Segment Start: Material to process

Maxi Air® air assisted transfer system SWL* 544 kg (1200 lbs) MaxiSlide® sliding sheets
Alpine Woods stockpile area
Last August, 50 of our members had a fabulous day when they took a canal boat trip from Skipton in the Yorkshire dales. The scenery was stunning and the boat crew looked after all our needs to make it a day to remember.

Segment End: Material to process
Segment Start: Material to process

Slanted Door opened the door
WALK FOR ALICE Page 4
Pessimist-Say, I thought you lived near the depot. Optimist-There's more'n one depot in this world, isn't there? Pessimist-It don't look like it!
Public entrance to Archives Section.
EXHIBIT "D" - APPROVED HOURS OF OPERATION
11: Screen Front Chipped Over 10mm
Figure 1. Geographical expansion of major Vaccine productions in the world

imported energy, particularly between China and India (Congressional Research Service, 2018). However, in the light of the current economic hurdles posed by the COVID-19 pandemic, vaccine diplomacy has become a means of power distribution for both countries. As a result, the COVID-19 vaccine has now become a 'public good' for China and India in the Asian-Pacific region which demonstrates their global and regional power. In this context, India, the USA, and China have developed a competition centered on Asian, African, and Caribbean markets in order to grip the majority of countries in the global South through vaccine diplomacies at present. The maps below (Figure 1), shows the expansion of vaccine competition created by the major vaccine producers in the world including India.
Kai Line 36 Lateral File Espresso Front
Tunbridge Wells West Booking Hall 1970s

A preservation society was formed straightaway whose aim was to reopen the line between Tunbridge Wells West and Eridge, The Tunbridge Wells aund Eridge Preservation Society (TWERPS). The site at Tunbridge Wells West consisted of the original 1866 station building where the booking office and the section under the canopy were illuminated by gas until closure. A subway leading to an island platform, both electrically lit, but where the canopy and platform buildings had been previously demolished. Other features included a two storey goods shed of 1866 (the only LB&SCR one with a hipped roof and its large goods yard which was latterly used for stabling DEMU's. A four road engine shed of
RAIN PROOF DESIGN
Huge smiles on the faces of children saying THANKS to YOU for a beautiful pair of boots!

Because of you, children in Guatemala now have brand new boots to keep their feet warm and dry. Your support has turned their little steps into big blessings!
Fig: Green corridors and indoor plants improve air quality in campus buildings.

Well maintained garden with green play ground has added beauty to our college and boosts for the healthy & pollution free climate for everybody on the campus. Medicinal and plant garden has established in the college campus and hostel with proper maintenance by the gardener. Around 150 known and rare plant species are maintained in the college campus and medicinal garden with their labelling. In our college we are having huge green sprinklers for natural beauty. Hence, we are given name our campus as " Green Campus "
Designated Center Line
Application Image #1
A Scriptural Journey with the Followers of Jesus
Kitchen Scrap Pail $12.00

Segment End: Material to process

Task description: Your answer should be the lines above, from the line containing "Maxi Air® air" up to and including the line containing "Last August, 50", reproduced exactly and with nothing else.

Answer to the problem:
Maxi Air® air assisted transfer system SWL* 544 kg (1200 lbs) MaxiSlide® sliding sheets
Alpine Woods stockpile area
Last August, 50 of our members had a fabulous day when they took a canal boat trip from Skipton in the Yorkshire dales. The scenery was stunning and the boat crew looked after all our needs to make it a day to remember.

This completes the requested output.